Parallel Connection of Coaxcables

You are lucky, if have not one, I've two solutions for you:

• The first is an approximation and does not care much about how the system is build up
• The second is a much more convenient one, that you have a so called power splitter with input and output-matching.

1. Straight Forward Solution using equivalent circuit diagrams

Setting KVL and KCL of an infinitesimal section of the transmission line like the one depicted below

yields (as shown in more detail in this wiki link) to:

$$ \cfrac{\partial ^2 V(x)}{\partial z^2} + (R+j\omega L)\cdot(G+j\omega C)\, V(x) = 0 \\ \cfrac{\partial^2 I(x)}{\partial z^2} + (R+j\omega L)\cdot(G+j\omega C)\, I(x) = 0 \, . $$

Now igdl.y, in your case two transmission lines are connected in parallel! Looking at the equivalent circuit diagram of a transmission line (note that this circuit diagram is an infinite small section - it doesn't matter if you change R with L, etc.), you can easily conclude that:

$$R_\parallel = \cfrac{R}{2} \\ L_\parallel = \cfrac{L}{2}\\ G_\parallel = 2 \cdot G\\ C_\parallel = 2 \cdot C$$

Solving the partial differential equation leads to an characteristic wave impedance of

$$Z_{\parallel0} = \sqrt{\frac{\frac{R}{2} + j\omega\,\frac{L}{2}}{2 G + j\omega\, 2 C}\,} = \cfrac{1}{2} \cdot \sqrt{\cfrac{R + j\,\omega\, L}{ G + j\,\omega\, C}} = \cfrac{Z_o}{2}\,~\,.$$

Hence assuming equal lengths of the transmission lines, results in the following equivalent circuit:

^{simulate this circuit – Schematic created using CircuitLab}

BTW: This model is only, and only valid if the length of both cables are equal! Otherwise you have different times until the wave reaches the resistor, and got partly reflected if the wave impedance and the load don't match.

In your special case the load and the wave impedance are matched, resulting in no reflection.

In case you are not interested in timing issues (how long does it take for the wave from port 2 to the load) you can simplify this circuit further: Since you have no reflection, the 37.5 transmission line and load simplifies to following equivalent circuit diagram (this can be rational if only interested in a power-analysis):

^{simulate this circuit}

Discussion:

As you can see in this equivalent circuit diagram, due to different wave impedance you will have reflection at the joint connection where the 75 and 37.5 ohm transmission line will meet. This discussion has only academic character, since you have to take the geometry of the joint connection into account. To get a lumped equivalent circuit you have to apply Maxwell's equations on the geometry of the joint connection, that involves the materials and geometries. The result will be a frequency dependent impedance model; typical it's represented as S-matrix.

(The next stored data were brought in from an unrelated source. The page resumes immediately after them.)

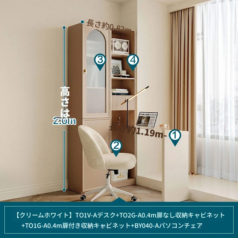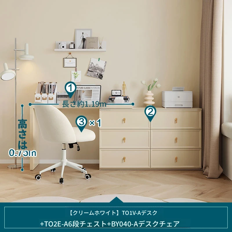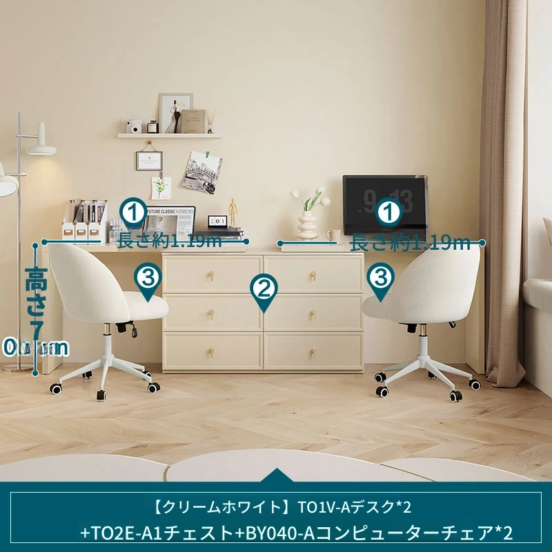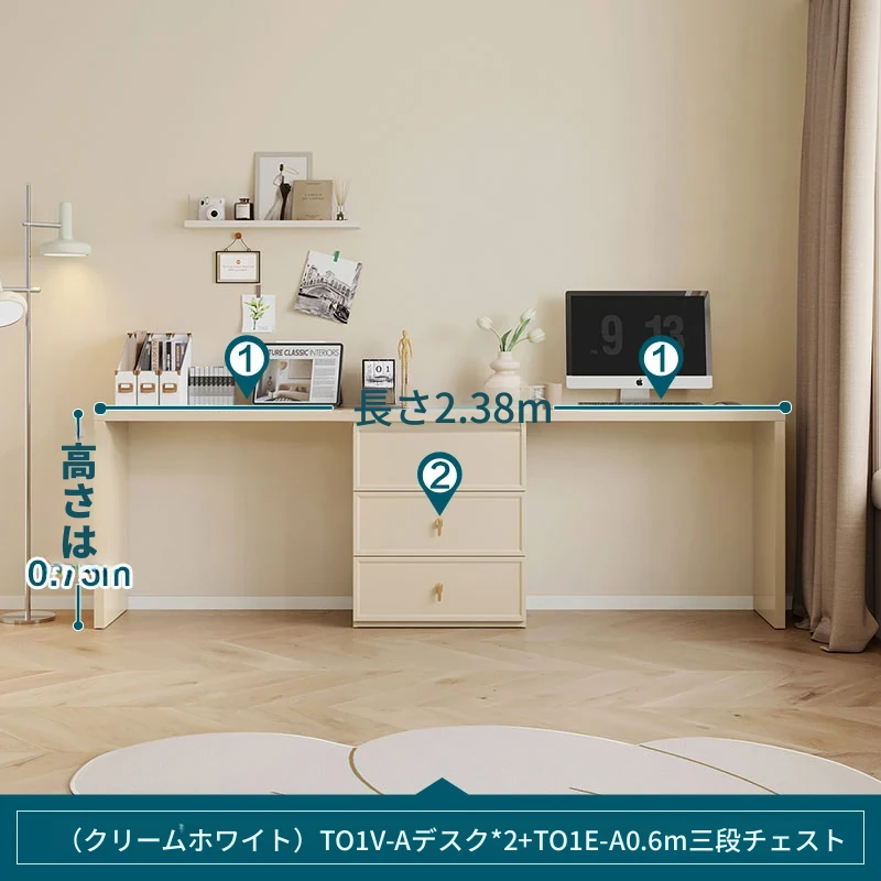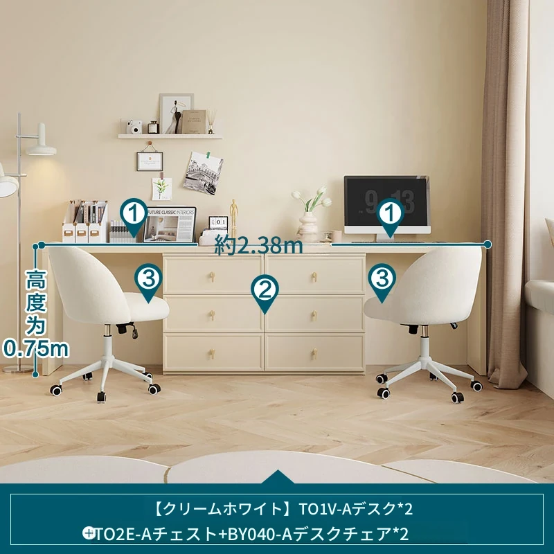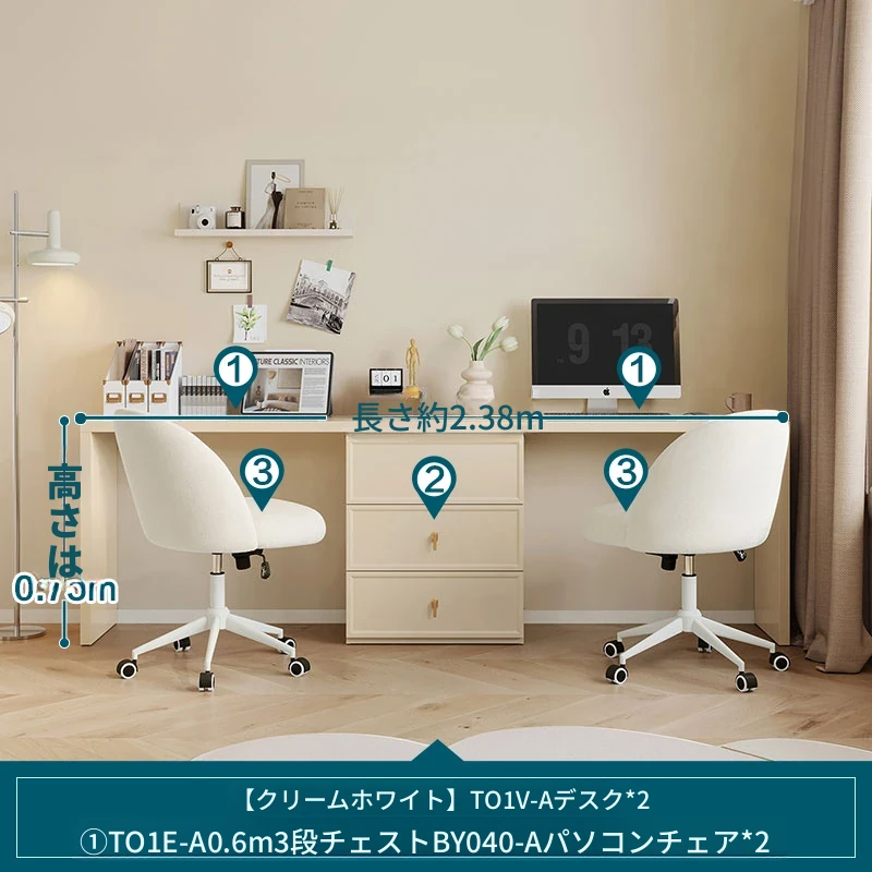 ⑧【2.4m|二人|六斗柜】伸縮デスク+椅子*2
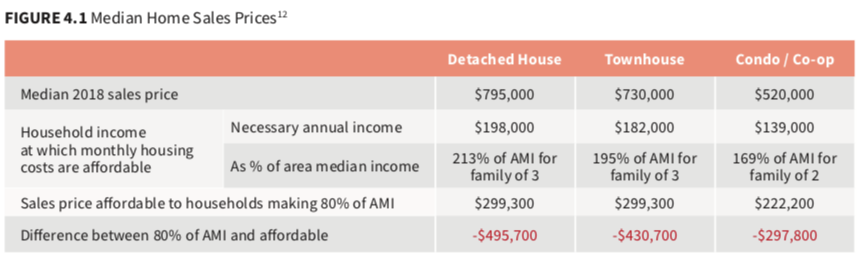 While many people would certainly welcome greater diversity in housing choices, it’s difficult to envision how the City can create policies that will ensure that such new market rate housing will be available at “various price points,” when even the median price point for condominiums cashes in at 169% of area median income for a household of two.
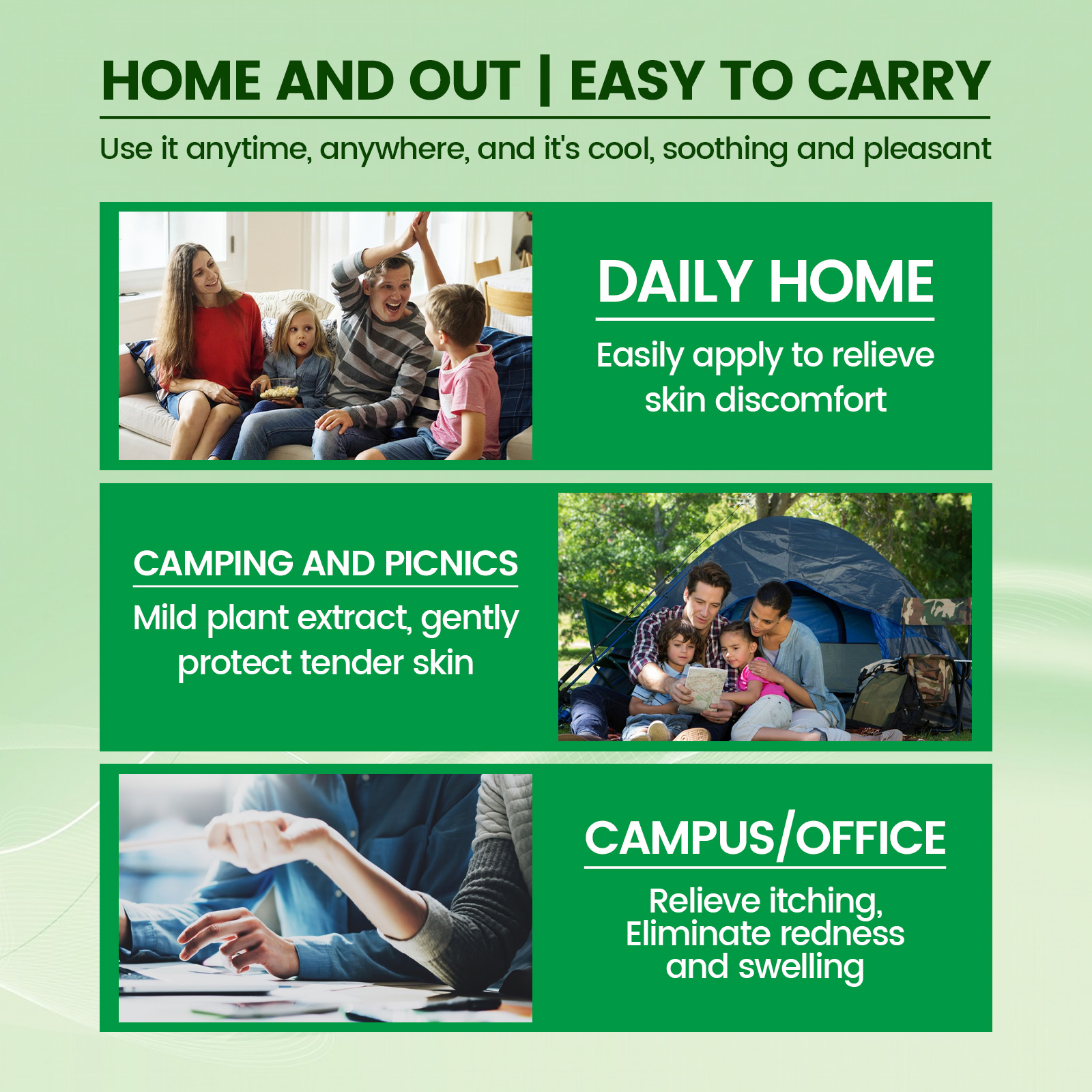我们的驱蚊棒含有紫草提取物、薄荷醇、山茶籽油。它可以缓解皮肤瘙痒,改善红肿,并防止蚊虫叮咬,清凉止痒。它的使用方法很简单:旋出适量的护肤霜,涂在手、脚或身体皮肤上,轻轻按摩使其均匀即可。长效驱蚊、有效缓解蚊虫叮咬引发的皮肤瘙痒,还您一夜好眠。

Parallel Connection of transmission lines have many practical issues:

• You can make an overall transmission line having another wave impedance
• With 2 cables the max. allowable power rating doubles in sum

2. A Much More Realistic Scenario - Using an Wilkinson Divider

Since RF engineer doesn't like to make their life's a hell, they make such joint connection in a much proper way:

They make the input and outputs of the divider (the thing that's split the input into to two outputs; it divides the input power into two output powers) and tries to match the (system) wave impedance.

Such a rf-device can be an Wilkinson divider as depicted in the picture below (taken from wikipedia). This device works only in a small frequency range, which is acceptable in most cases. Further: the 50 ohm has be replaced by 75 ohm, and the 71 ohm by 105 ohm in your question.

Using such a device, yields to the following equivalent circuit diagram:

^{simulate this circuit}

There are a lot of devices which allow to maintain the wave impedance. So, the question you were given isn't clear enough to say what exactly happens. But I would prefer to take the second case.